Howard Clark

Personal information
- Full name: Howard William Clark
- Date of birth: 19 September 1968 (age 57)
- Place of birth: Coventry, England
- Height: 6 ft 0 in (1.83 m)
- Positions: Midfielder; defender;

Youth career
- –: Wolverhampton Wanderers
- –: Coventry City

Senior career*
- Years: Team / Apps / (Gls)
- 1986–1991: Coventry City / 20 / (1)
- 1991: → Darlington (loan) / 5 / (0)
- 1991–1993: Shrewsbury Town / 56 / (0)
- 1993–1995: Hereford United / 55 / (7)
- 1995: Nuneaton Borough
- 1995–1996: Crawley Town / 16 / (1)
- 1996: Hinckley Athletic

= Howard Clark (footballer) =

English footballer

Howard William Clark (born 19 September 1968) is an English former footballer who made 136 appearances in the Football League playing for Coventry City, Darlington, Shrewsbury Town and Hereford United. A midfielder or defender, Clark went on to play non-league football for Nuneaton Borough, Crawley Town and Hinckley Athletic.

==Life and career==
Clark was born in Coventry. He was associated as a junior with Wolverhampton Wanderers, and joined hometown club Coventry City under the YTS scheme. He turned professional in September 1986, and was a member of the Coventry squad that won the 1986–87 FA Youth Cup. He made his first-team debut at the age of 20, on 5 November 1988, playing the whole of a 1–1 draw at home to West Ham United in the First Division, but never established himself in the first team. He made 20 League appearances over three years, and spent a few weeks on loan at Darlington of the Third Division, before moving to another Third Division club, Shrewsbury Town, on a free transfer in December 1991.

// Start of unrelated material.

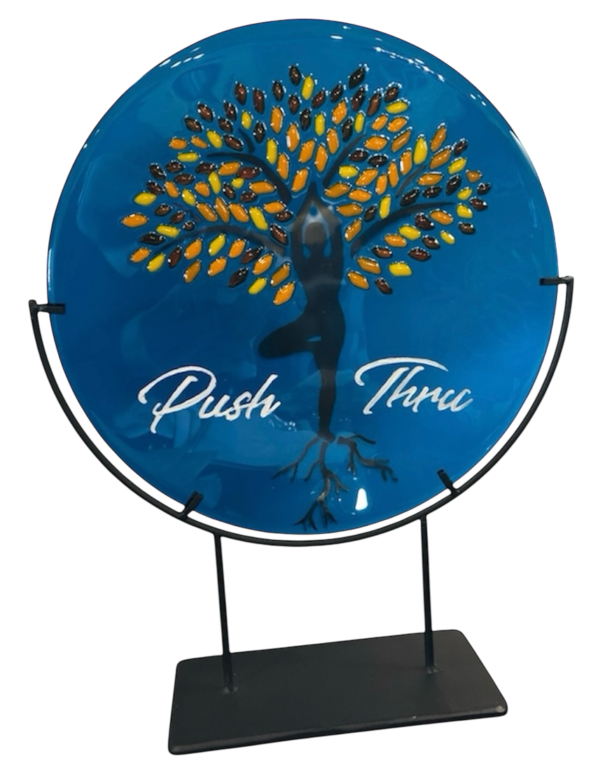 This glass artwork was created to reflect the spirit of balance, growth, and renewal at the heart of this yoga and health studio. Set against a bright blue background that evokes open sky and calm breath, vibrant orange leaves emerge with warmth and vitality. At the center, a flowing yoga silhouette extends downward, transforming seamlessly into the roots of a tree.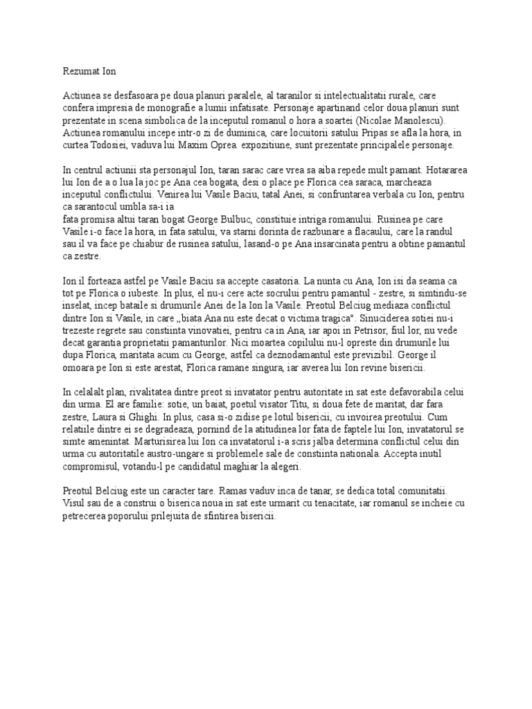 Doc Ion De Liviu Rebreanu Rezumat Cristy Adrian Academia Edu

At the end of his first season, Shrewsbury were relegated to the fourth tier, renamed Third Division after the Premier League split from the Football League. He stayed for a season at the lower level, and made 56 league appearances in all. In the 1993 close season, he signed for Third Division Hereford United, where he played under the management of Greg Downs who had been a teammate at Coventry. In his first season, he appeared regularly, but less so in 1994–95, at the end of which he left the club for Southern League football with, successively, Nuneaton Borough, Crawley Town and Hinckley Athletic.

He retired from football in 1996 and joined the West Midlands Police.